- **What you have to do**
All lines from the one that contains "Свечи Античные зеленый" to the end of the data must be retyped exactly. Pictures are not retyped.

- **Collected data**
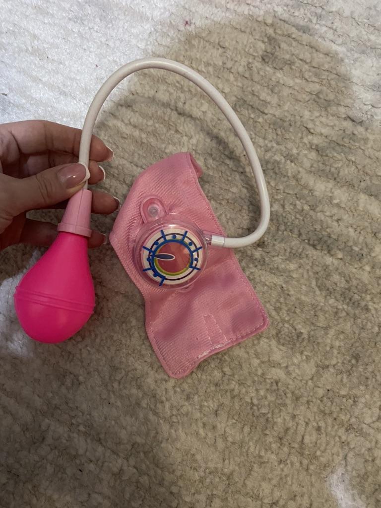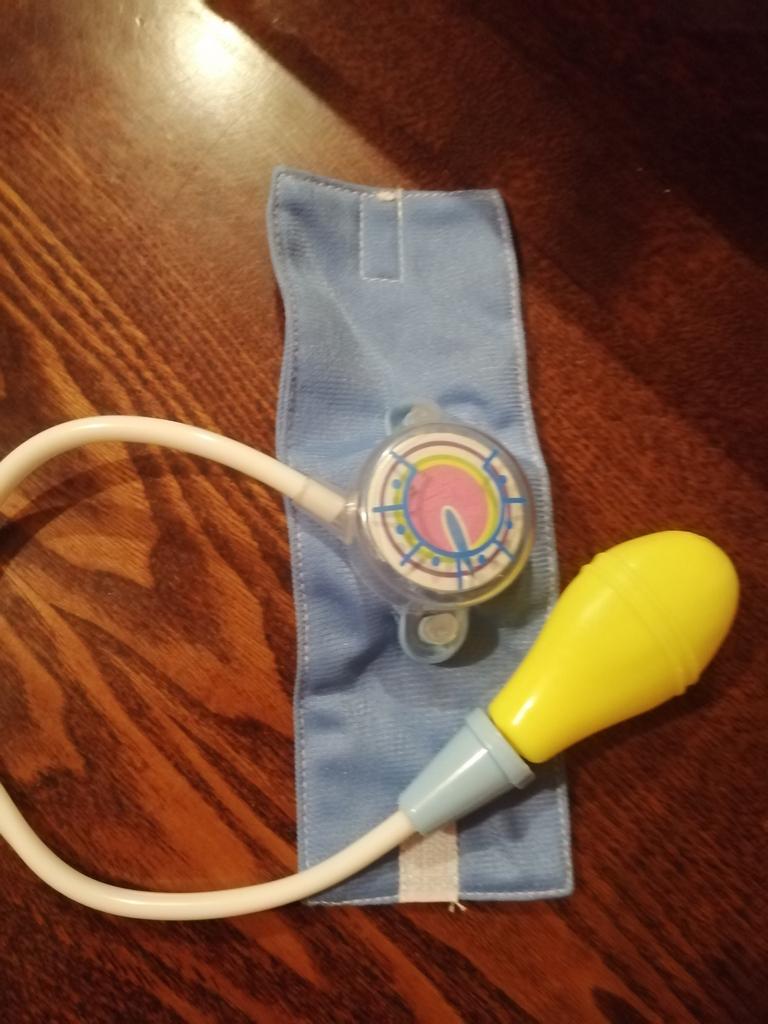 Durch Drücken der Birne dreht sich der Zeiger schneller. Die Manschette ist für ein Kind klein. Das Baby wollte spielen, sie wollte Ärztin werden und meinen Blutdruck messen, aber er ist nicht groß genug, um überhaupt auf dem Unterarm zu enden. Wie auch immer, ganz ok
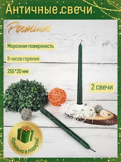 Свечи Античные зеленый муар 25,5 см ручная работа 2 шт
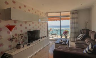 The living and dining room is full of natural light and offers direct access to a private balcony with sea views. It includes a sofa, dining table, Smart TV and large windows that make the space feel fresh and open.

- **Worked solution**
 Свечи Античные зеленый муар 25,5 см ручная работа 2 шт
 The living and dining room is full of natural light and offers direct access to a private balcony with sea views. It includes a sofa, dining table, Smart TV and large windows that make the space feel fresh and open.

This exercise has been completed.